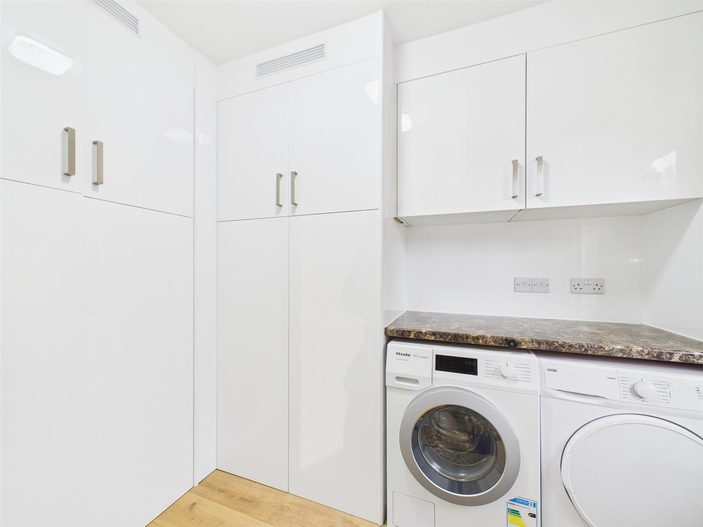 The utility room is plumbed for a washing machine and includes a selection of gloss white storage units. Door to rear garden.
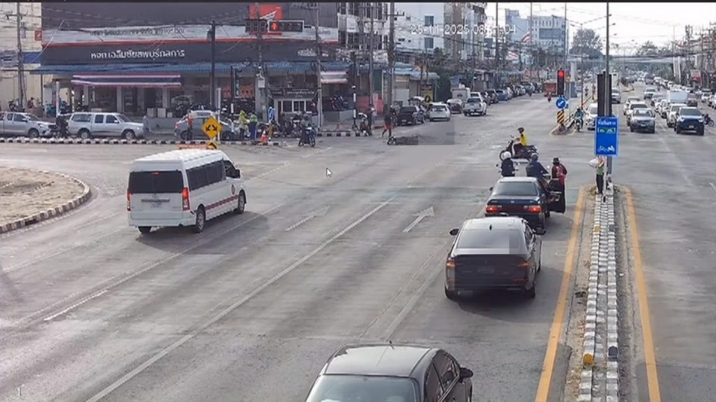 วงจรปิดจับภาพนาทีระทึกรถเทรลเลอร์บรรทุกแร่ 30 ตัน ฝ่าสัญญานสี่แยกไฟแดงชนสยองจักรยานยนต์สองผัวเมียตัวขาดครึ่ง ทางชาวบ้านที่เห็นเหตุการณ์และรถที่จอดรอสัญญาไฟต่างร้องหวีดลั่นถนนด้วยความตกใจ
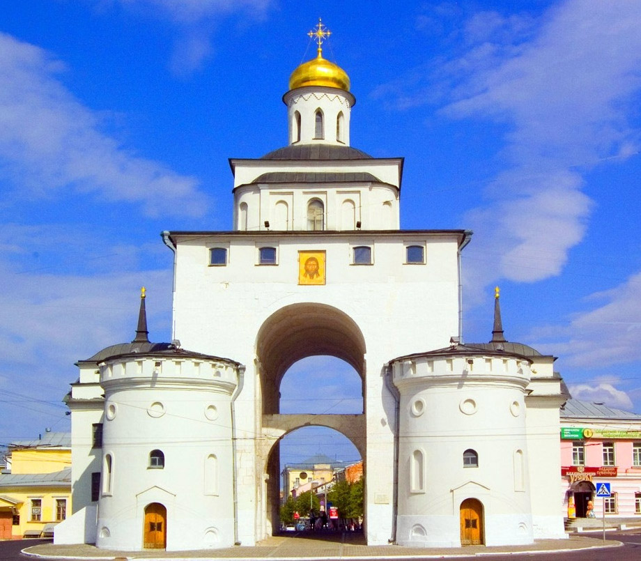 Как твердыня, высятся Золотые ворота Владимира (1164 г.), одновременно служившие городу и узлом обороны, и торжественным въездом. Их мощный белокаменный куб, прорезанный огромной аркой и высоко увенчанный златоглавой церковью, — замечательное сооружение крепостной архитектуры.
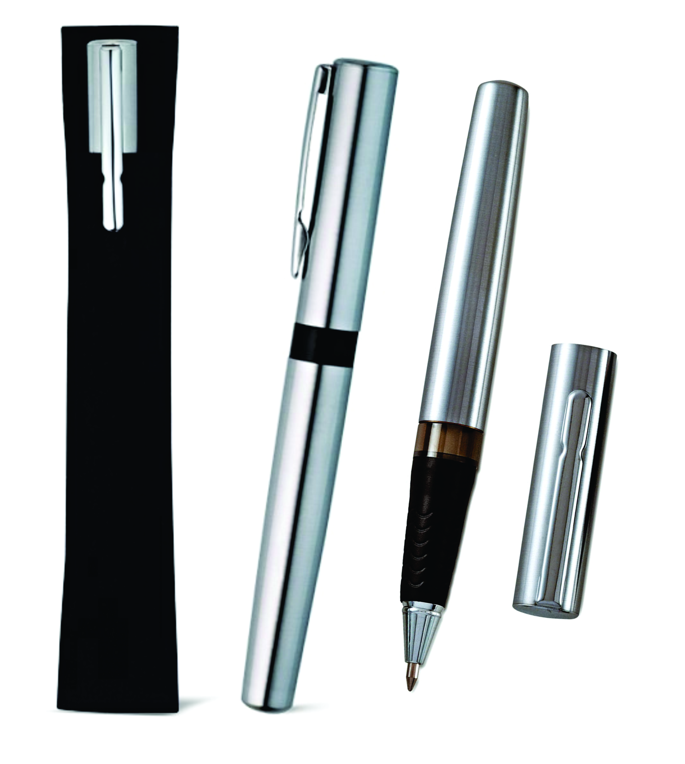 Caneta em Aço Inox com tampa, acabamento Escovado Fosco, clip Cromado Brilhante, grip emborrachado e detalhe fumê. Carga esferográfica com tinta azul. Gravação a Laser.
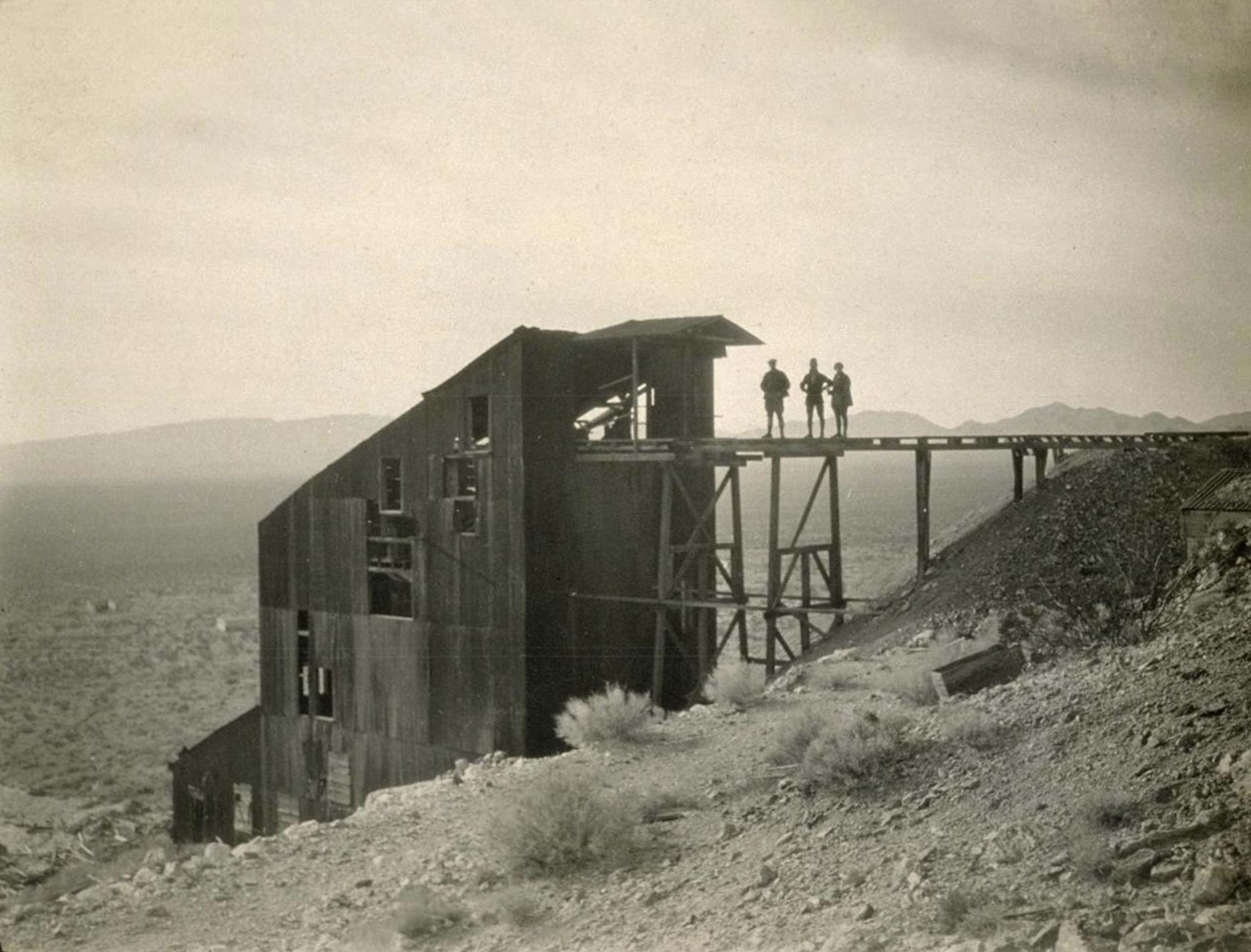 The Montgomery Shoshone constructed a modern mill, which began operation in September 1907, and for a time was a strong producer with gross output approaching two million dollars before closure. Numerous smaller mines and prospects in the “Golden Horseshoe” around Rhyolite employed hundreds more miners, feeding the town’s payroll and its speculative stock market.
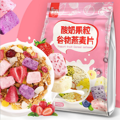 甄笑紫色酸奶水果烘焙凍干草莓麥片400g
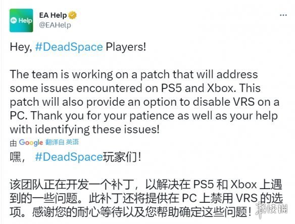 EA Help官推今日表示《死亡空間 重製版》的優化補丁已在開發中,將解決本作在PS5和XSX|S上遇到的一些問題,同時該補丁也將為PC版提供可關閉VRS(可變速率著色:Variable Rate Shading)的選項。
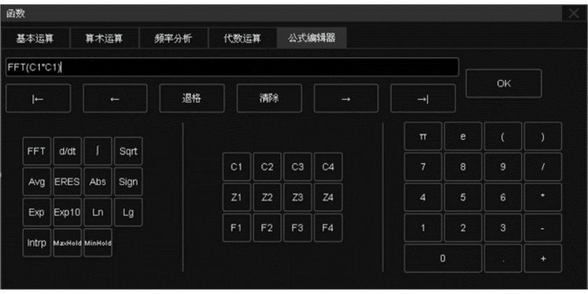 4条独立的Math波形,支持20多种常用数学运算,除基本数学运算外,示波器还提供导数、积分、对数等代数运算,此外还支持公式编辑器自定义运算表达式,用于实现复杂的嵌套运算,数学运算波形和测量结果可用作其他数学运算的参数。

------------------------------

What the task requires ::
Word for word, repeat each record above; leave out every picture.

Response below ::
 The utility room is plumbed for a washing machine and includes a selection of gloss white storage units. Door to rear garden.
 วงจรปิดจับภาพนาทีระทึกรถเทรลเลอร์บรรทุกแร่ 30 ตัน ฝ่าสัญญานสี่แยกไฟแดงชนสยองจักรยานยนต์สองผัวเมียตัวขาดครึ่ง ทางชาวบ้านที่เห็นเหตุการณ์และรถที่จอดรอสัญญาไฟต่างร้องหวีดลั่นถนนด้วยความตกใจ
 Как твердыня, высятся Золотые ворота Владимира (1164 г.), одновременно служившие городу и узлом обороны, и торжественным въездом. Их мощный белокаменный куб, прорезанный огромной аркой и высоко увенчанный златоглавой церковью, — замечательное сооружение крепостной архитектуры.
 Caneta em Aço Inox com tampa, acabamento Escovado Fosco, clip Cromado Brilhante, grip emborrachado e detalhe fumê. Carga esferográfica com tinta azul. Gravação a Laser.
 The Montgomery Shoshone constructed a modern mill, which began operation in September 1907, and for a time was a strong producer with gross output approaching two million dollars before closure. Numerous smaller mines and prospects in the “Golden Horseshoe” around Rhyolite employed hundreds more miners, feeding the town’s payroll and its speculative stock market.
 甄笑紫色酸奶水果烘焙凍干草莓麥片400g
 EA Help官推今日表示《死亡空間 重製版》的優化補丁已在開發中,將解決本作在PS5和XSX|S上遇到的一些問題,同時該補丁也將為PC版提供可關閉VRS(可變速率著色:Variable Rate Shading)的選項。
 4条独立的Math波形,支持20多种常用数学运算,除基本数学运算外,示波器还提供导数、积分、对数等代数运算,此外还支持公式编辑器自定义运算表达式,用于实现复杂的嵌套运算,数学运算波形和测量结果可用作其他数学运算的参数。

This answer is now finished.